FORT MYERS, Fla. -- Adrian Gonzalez has been bat-less during the early days of Spring Training, but when he has a consultation on his surgically-repaired right shoulder next week, the lefty slugger hopes he'll get clearance to start swinging again.

"He's going to have a checkup in about a week here to get the go-ahead to start swinging the bat," said general manager Theo Epstein. "It would be about a week ahead of the initial timeframe."

That would be great news for the star slugger, who is eager to start fine-turning his stroke for his new team.

"I'm looking forward to that day -- counting the days down," Gonzalez said. "Hopefully once the doctor sees me, he clears me and I can start swinging that day or the following day."

What has it been like for Gonzalez going through all the daily drills at Spring Training but being unable to participate in batting practice?

"It's different," Gonzalez said, "but I'm definitely in no rush. I want to get swinging already, but it's a process, and you don't want to get too ahead of anything. It's good for me to just be able to hang out and talk to the guys and get to know the guys' swings and take a step back and watch everybody else."

The good news is that Gonzalez doesn't think the later start with batting practice will have any impact on his season.

"There's zero discomfort, there's zero limitations," Gonzalez said. "I'm exactly where I need to be at this point, post surgery. Everything is going as planned, and it feels great. I know I could swing today if I wanted to, but there's no rush."
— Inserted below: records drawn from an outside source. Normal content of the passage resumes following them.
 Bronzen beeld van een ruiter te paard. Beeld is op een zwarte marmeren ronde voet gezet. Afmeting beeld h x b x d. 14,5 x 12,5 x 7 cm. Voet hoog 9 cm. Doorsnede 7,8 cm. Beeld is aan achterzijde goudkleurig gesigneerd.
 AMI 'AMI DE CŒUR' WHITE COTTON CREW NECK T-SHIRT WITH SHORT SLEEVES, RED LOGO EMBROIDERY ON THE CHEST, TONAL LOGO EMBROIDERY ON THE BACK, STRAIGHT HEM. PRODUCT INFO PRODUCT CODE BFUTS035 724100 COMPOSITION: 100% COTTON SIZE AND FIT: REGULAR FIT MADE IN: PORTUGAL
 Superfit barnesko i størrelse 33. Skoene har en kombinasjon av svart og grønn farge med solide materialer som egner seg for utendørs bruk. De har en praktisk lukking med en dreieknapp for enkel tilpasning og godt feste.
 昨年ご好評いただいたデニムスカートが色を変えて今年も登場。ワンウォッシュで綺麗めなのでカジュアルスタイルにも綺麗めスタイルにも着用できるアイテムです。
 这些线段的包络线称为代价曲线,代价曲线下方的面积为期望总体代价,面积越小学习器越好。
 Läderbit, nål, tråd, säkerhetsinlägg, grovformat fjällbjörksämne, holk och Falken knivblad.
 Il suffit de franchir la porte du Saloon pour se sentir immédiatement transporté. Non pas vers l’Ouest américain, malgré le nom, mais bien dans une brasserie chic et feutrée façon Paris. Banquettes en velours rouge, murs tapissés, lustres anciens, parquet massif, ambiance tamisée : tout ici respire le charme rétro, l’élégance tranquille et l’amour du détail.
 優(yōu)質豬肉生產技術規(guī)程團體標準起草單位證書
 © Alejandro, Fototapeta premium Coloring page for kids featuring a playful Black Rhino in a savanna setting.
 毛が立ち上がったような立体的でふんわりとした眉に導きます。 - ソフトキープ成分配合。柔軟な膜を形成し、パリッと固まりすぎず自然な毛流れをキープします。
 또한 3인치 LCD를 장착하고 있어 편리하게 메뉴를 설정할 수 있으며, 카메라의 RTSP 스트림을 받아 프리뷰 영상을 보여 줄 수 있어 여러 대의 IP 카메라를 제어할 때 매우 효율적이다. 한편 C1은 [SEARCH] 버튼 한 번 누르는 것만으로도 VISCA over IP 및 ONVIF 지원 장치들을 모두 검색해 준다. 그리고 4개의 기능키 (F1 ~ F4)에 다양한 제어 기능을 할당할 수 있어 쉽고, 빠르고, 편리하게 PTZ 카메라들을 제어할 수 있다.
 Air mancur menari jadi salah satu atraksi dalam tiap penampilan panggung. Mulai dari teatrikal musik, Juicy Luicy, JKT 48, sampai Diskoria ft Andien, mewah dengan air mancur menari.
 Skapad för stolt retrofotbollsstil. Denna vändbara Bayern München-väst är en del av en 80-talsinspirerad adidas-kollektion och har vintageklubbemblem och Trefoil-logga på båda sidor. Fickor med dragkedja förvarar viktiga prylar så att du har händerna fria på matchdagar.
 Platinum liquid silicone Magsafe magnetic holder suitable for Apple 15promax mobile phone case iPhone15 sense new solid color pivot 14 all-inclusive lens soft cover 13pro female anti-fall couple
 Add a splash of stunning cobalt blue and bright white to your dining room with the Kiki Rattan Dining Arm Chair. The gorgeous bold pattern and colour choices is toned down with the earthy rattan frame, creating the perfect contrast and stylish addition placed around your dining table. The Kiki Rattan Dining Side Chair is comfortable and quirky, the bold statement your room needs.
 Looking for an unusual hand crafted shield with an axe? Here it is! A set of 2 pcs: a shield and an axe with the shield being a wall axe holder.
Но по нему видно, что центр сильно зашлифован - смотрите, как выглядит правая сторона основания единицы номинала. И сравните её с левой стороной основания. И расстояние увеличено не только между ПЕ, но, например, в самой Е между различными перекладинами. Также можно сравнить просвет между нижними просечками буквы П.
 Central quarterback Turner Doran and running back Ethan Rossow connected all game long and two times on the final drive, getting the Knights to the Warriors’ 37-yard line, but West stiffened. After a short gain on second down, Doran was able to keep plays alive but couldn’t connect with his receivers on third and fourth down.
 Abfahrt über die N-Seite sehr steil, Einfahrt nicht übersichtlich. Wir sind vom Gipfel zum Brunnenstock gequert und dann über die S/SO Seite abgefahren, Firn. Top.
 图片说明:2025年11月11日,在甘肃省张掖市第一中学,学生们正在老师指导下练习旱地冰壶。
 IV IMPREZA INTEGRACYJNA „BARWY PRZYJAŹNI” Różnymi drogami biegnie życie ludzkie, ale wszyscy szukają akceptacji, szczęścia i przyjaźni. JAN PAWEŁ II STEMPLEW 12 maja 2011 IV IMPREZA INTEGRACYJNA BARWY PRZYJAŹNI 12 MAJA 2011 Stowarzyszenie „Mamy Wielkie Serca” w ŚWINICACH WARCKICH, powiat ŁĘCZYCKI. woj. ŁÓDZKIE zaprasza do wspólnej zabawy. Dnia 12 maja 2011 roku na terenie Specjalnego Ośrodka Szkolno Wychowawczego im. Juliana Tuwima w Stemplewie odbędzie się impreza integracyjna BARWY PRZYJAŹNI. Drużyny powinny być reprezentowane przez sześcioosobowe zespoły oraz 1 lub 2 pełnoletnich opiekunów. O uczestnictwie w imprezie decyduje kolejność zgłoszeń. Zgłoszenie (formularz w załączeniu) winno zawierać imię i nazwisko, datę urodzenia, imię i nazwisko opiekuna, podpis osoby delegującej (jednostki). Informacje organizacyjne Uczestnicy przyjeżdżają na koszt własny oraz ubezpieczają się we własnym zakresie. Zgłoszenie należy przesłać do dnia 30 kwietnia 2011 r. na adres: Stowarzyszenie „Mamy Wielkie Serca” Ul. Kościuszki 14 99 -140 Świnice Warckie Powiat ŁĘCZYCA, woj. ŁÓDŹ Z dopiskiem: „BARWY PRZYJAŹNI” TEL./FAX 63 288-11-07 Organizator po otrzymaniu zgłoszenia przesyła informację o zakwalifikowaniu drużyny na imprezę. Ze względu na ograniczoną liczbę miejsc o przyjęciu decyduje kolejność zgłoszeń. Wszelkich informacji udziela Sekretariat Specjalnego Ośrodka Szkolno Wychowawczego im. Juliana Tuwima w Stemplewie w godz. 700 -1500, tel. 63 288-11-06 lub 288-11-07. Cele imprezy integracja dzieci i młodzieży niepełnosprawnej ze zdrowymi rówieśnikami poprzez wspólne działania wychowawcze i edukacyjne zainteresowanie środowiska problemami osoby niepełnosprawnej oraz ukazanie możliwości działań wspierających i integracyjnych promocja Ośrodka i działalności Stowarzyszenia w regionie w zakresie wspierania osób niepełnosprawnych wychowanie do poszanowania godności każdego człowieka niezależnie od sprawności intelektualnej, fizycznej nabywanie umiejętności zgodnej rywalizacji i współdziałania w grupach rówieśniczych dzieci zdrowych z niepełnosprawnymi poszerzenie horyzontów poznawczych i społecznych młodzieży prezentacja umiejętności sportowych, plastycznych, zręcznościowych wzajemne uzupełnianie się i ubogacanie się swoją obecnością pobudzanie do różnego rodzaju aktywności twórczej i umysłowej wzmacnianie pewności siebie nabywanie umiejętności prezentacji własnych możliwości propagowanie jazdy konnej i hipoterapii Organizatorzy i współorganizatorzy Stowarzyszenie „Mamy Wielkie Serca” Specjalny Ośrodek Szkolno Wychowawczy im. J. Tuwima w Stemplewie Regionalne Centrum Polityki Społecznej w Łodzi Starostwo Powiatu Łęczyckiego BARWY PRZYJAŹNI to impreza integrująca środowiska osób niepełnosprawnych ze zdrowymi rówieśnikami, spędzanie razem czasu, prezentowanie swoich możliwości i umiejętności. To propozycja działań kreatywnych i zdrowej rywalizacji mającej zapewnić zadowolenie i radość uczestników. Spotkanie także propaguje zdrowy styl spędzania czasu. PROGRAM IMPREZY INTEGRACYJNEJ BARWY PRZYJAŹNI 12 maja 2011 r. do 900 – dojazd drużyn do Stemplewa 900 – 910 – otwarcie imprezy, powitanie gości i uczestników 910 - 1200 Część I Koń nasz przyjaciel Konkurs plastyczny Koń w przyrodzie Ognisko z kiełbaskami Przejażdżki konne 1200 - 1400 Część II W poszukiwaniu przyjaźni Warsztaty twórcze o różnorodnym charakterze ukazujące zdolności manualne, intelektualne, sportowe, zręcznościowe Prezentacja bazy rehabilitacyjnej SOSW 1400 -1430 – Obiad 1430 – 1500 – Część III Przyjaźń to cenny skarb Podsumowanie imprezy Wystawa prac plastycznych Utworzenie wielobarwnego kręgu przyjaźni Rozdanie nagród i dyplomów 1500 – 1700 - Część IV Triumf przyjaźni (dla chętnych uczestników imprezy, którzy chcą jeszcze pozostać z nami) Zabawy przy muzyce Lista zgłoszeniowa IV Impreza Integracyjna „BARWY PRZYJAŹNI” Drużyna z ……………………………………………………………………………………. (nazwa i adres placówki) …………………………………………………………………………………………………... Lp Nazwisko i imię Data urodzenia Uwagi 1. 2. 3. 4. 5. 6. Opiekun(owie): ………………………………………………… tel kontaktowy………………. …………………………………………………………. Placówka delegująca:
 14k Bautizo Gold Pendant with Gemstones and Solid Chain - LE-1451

Epstein: Red Sox haven't done anything yet

FORT MYERS, Fla. -- General manager Theo Epstein knows full well that the dramatic moves he made over the winter have made his team a potential juggernaut in the minds of many pundits. Optimism is filling the clubhouse as well, as Josh Beckett said earlier this week that the 2011 Red Sox have the capability of winning 100 games.

But from where Epstein sits, the hype means very little.

"I think it's nice that those players feel good about themselves and their teammates and what they have here, but let's be honest, we haven't done anything yet," Epstein said. "All we have is a bunch of guys in this clubhouse here to try to set out and do a job. We've got a lot to prove."

Such as?

"We've got to prove that we're not a third-place team in this division. We've got to prove that we can stay healthy," Epstein said. "We've got to prove that we can repeat performances -- what guys have done in the past, they can do it again in 2011 or improve upon those performances. We've got to prove we can come together as a team. We don't have win No. 1 yet. We have a lot to prove, and the work is just starting."

Still, Epstein is glad to hear players like Beckett feel so optimistic about the team.

"I like that these guys feel good about themselves, their teammates and our chances," Epstein said. "I don't think they're getting ahead of themselves, because they know how much work they need to do."